Using the data that follows, output only the lines from the line with "강서구 마곡지구에 둥지를" up to and including the line with "然太陽到向為上吉,到三合方為", exactly, leaving pictures aside.

DATA PROVIDED
▼
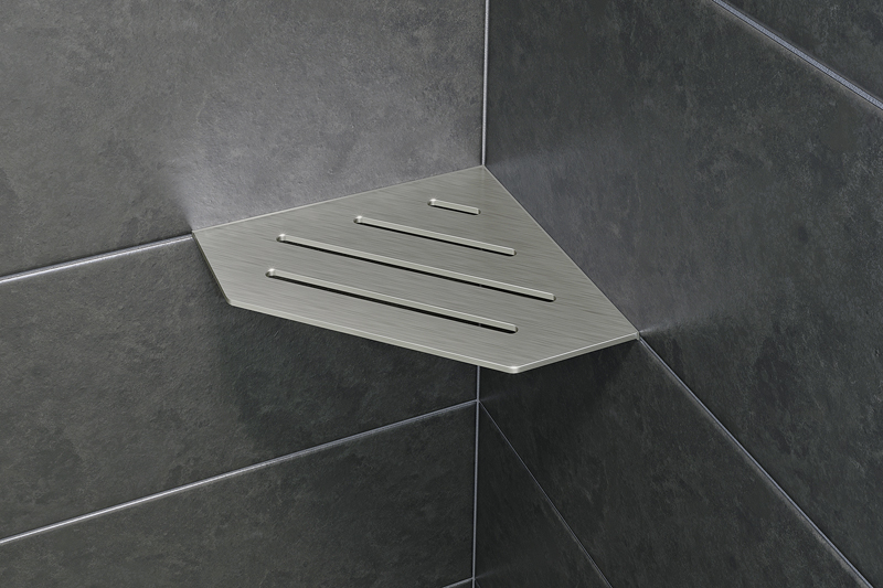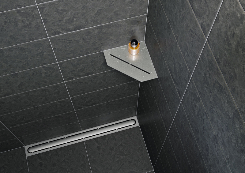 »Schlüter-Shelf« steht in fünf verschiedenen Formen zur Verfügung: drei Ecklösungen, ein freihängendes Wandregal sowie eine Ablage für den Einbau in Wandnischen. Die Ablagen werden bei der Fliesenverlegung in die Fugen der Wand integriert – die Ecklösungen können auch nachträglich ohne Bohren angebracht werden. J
▲
▼
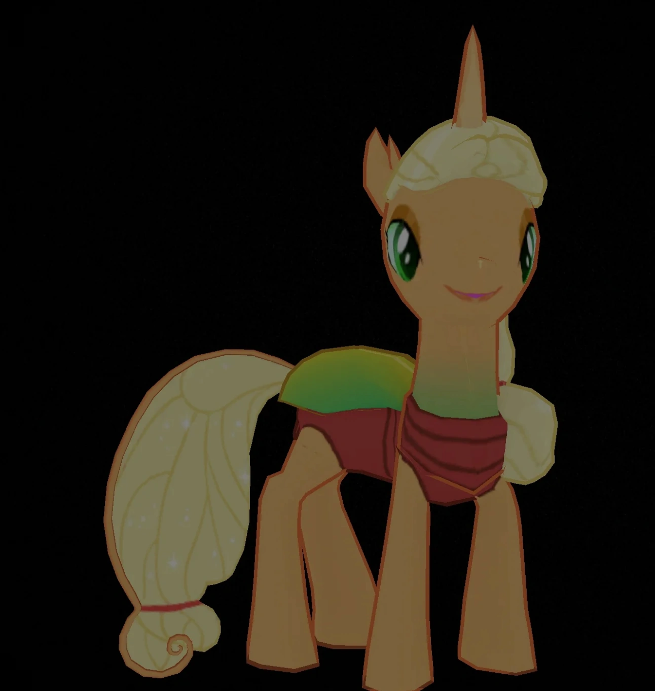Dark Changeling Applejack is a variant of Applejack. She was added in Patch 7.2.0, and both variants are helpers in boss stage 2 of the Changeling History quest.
▲
▼
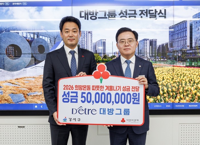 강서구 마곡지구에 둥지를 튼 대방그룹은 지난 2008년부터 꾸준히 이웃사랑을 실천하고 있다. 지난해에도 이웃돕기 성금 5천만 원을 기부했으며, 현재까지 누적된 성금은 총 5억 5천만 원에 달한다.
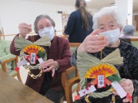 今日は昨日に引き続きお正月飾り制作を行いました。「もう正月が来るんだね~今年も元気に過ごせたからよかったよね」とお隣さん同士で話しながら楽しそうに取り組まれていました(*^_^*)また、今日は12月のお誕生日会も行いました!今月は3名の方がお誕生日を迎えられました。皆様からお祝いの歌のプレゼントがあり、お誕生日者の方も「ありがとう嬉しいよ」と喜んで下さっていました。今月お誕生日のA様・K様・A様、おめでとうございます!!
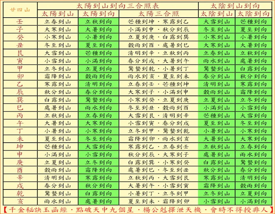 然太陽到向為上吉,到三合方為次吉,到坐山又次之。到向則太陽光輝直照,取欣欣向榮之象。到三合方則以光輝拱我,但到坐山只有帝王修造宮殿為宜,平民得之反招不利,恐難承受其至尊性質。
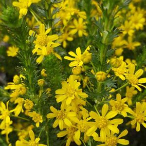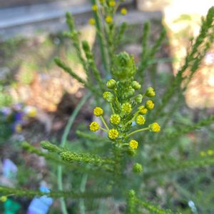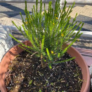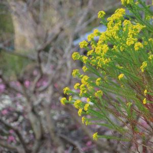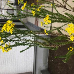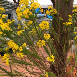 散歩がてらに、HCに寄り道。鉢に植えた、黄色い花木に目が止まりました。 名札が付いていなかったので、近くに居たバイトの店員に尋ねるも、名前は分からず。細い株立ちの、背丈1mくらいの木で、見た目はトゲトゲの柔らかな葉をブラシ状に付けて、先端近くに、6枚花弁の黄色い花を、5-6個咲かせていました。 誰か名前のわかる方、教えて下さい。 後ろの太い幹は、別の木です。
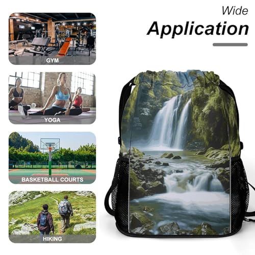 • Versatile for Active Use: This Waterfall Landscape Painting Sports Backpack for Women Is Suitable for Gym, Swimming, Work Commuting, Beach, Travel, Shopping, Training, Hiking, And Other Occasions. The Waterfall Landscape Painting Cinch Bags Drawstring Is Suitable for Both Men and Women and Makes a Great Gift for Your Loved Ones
▲
RESULT FOR THIS TASK
 강서구 마곡지구에 둥지를 튼 대방그룹은 지난 2008년부터 꾸준히 이웃사랑을 실천하고 있다. 지난해에도 이웃돕기 성금 5천만 원을 기부했으며, 현재까지 누적된 성금은 총 5억 5천만 원에 달한다.
 今日は昨日に引き続きお正月飾り制作を行いました。「もう正月が来るんだね~今年も元気に過ごせたからよかったよね」とお隣さん同士で話しながら楽しそうに取り組まれていました(*^_^*)また、今日は12月のお誕生日会も行いました!今月は3名の方がお誕生日を迎えられました。皆様からお祝いの歌のプレゼントがあり、お誕生日者の方も「ありがとう嬉しいよ」と喜んで下さっていました。今月お誕生日のA様・K様・A様、おめでとうございます!!
 然太陽到向為上吉,到三合方為次吉,到坐山又次之。到向則太陽光輝直照,取欣欣向榮之象。到三合方則以光輝拱我,但到坐山只有帝王修造宮殿為宜,平民得之反招不利,恐難承受其至尊性質。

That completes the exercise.